Haleigh Poutre's mother pursues visiting rights
BOSTON - Lawyers for the biological mother of 12-year-old Haleigh Poutre yesterday asked a judge to allow the mother to see her brain-injured daughter again in a Boston hospital.
Allison Avrett, 30, of Agawam filed a lawsuit against the state Department of Social Services earlier this month after social workers barred her from visiting her child in August at the Franciscan Children's Hospital in Boston, ending regular visits that had run through July.
The girl was admitted to Baystate Medical Center in Springfield a year ago with a severe injury to her brain stem. Haleigh was the center of a right-to-die battle last year before she began breathing on her own and responding to questions, prompting the state to abandon plans to remove her life support.

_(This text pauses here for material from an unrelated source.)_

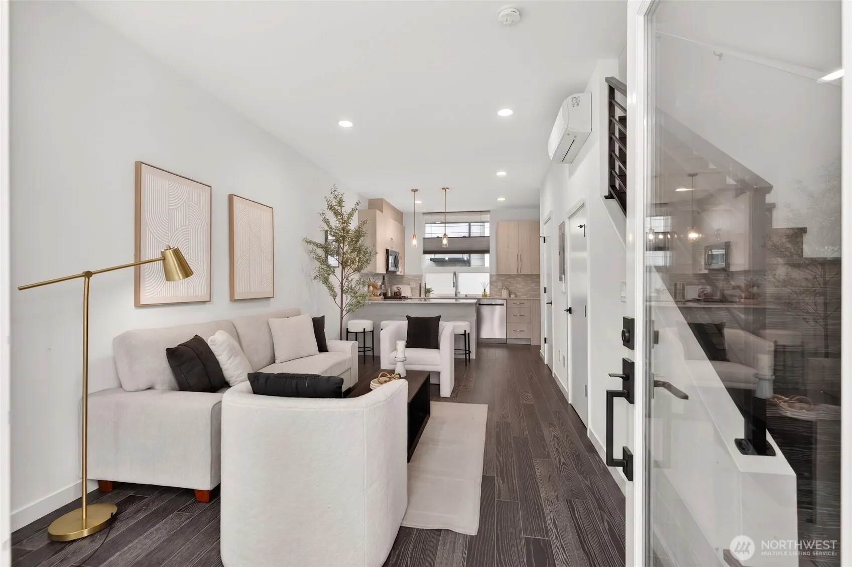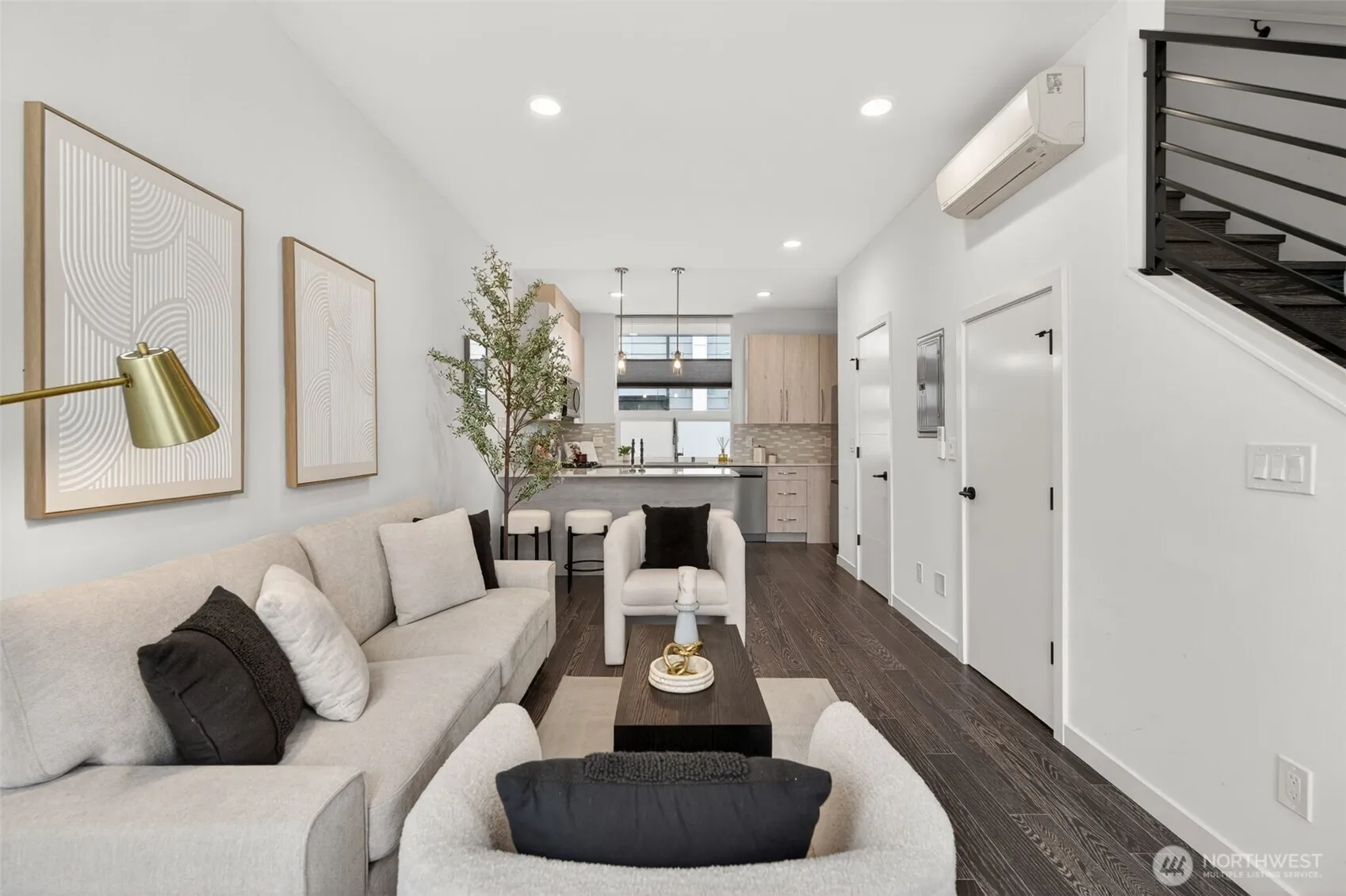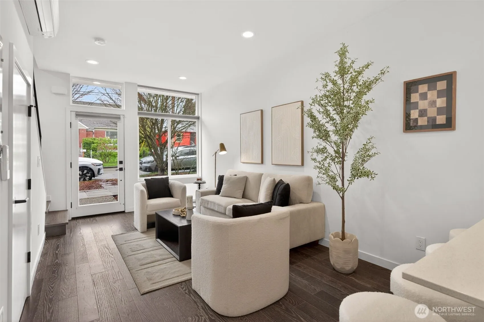 Experience the perfect blend of modern design and urban functionality in this 2021-built Ballard townhome. The light-filled main floor welcomes you with an open-concept living area and a chef’s kitchen featuring an oversized island with breakfast bar seating, gas cooking, and stainless steel appliances. On the second floor, find a spacious guest bedroom, a full bath, and a dedicated den or flex space ideal for a home office, hobby room, library, or quiet retreat. The entire third level serves as a private primary suite with a spa-inspired 3/4 bath and direct access to the home’s crown jewel: an expansive rooftop terrace perfect for entertaining or unwinding while soaking in the Seattle views. Completing the package: a designated off-street, EV charging, parking space and a prime Ballard location just blocks from the restaurants, coffee shops, and boutiques that define the neighborhood’s signature lifestyle. No HOA.

Avrett's lawyers want a judge to order the state to reinstate visitation rights and to provide the mother with medical information about Haleigh.
Suffolk Superior Court Judge Kathe Tuttman yesterday took the requests under advisement and didn't say when she would rule.

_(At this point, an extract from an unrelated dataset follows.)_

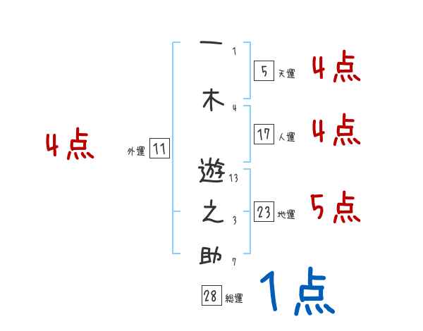 天運![]() | 一木遊之助さんの天運は5画の4つ星!健康で安泰。協調性に優れ、財産に恵まれる。 家系が持つ宿命的な運勢を表します。祖先から受け継いだ苗字ですので自分の力が及びません。家柄を象徴します。 |

Elizabeth M. Clague of Brockton, co-lawyer for Avrett, told the judge that Avrett has a constitutional right to see her child. She said the visits and her relationship with the child are important to the child's recovery.
Citing the child's privacy rights, lawyers for the state unsuccessfully asked the judge to close yesterday's hearing in Suffolk Superior Court. The state Department of Social Services has custody of the child. During brief remarks in open court, Assistant Attorney General Margaret J. Hurley said Avrett lacks legal standing to seek visitation rights or medical information. Hurley said Avrett is not the parent of the child.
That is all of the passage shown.